Critically, a hybrid vaccine distribution model that is appropriately sensitive to interdependence may not necessarily favor priority to nationals, i.e., limited nationalism, as Ferguson and Caplan and the Emanual et al. assert. While limited nationalism proponents may be correct that cosmopolitan obligations should not automatically outweigh community obligations, any interdependence associated with a pandemic, particularly one that has disparate health impacts on LMICs, will likely create weighty compensatory justice obligations. Accordingly, a vaccine distribution model should follow a diagnostic of relevant effects of interdependence and the pandemic epidemiology. A properly calibrated hybrid model, which takes into account interdependence, historical harms, and the disproportionate impact of the pandemic on LMICs, may even preference initial vaccine distribution into LMICs before HICs, which might be described as limited cosmopolitanism.
The Singer model continues to be illustrative.

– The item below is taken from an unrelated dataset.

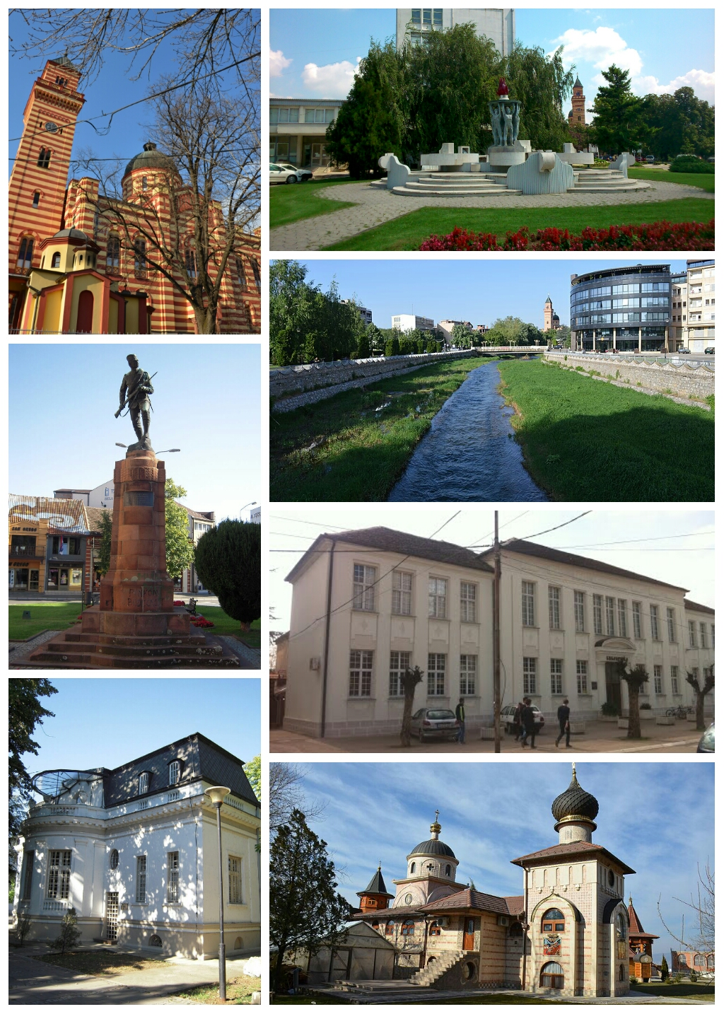 Paraćin- photomontage (Left-Church of the Holy Trinity, A monument to warriors who died in the First World War, Сultural center in Paracin) and (Right- Fountain of freedom, Crnica river, Library Vicentije Rakic, Lešje monastery)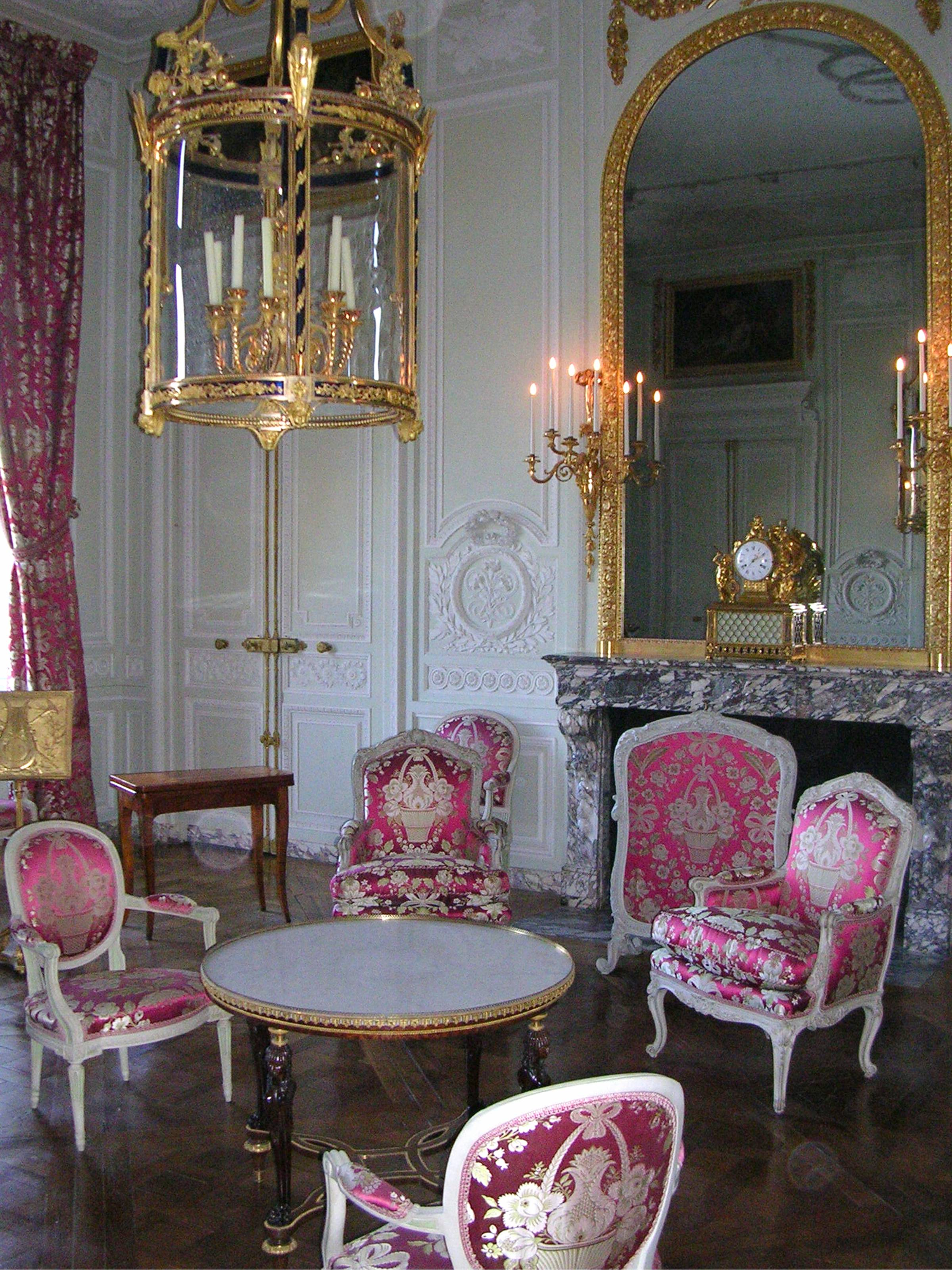 Room photographed by User:Giano correcting simple typo in template!

Peter sees two children drowning. Peter has some associational link to one child but no associational link to the other. However, Peter was, in some measure, complicit in the other child's predicament. While both children are in some peril of drowning, the child that Peter knows is in much shallower water and near a flotation device. The child that Peter knows will most likely experience some significant distress, but the unknown child faces a significant chance of death.
Conclusion
7
The COVID‐19 pandemic exposed how interdependence helped shape the pandemic and intertwined the health of countries. A review of competing vaccine distribution models strongly favors a hybrid account that is responsive to interdependence and factors in compensatory justice considerations. At most, under a hybrid model, domestic community obligations might permit HICs to prioritize an initial domestic distribution of vaccines to healthcare workers and the most vulnerable before a similar allocation to LMICs. However, I am not convinced that even this “modest” level of nation‐state preference would afford proper weight to the competing moral obligations of most HICs in the context of the last pandemic or future ones. Such obligations will likely overwhelm the competing obligations based on nationalism.
Conflicts of Interest
The author declares no conflicts of interest.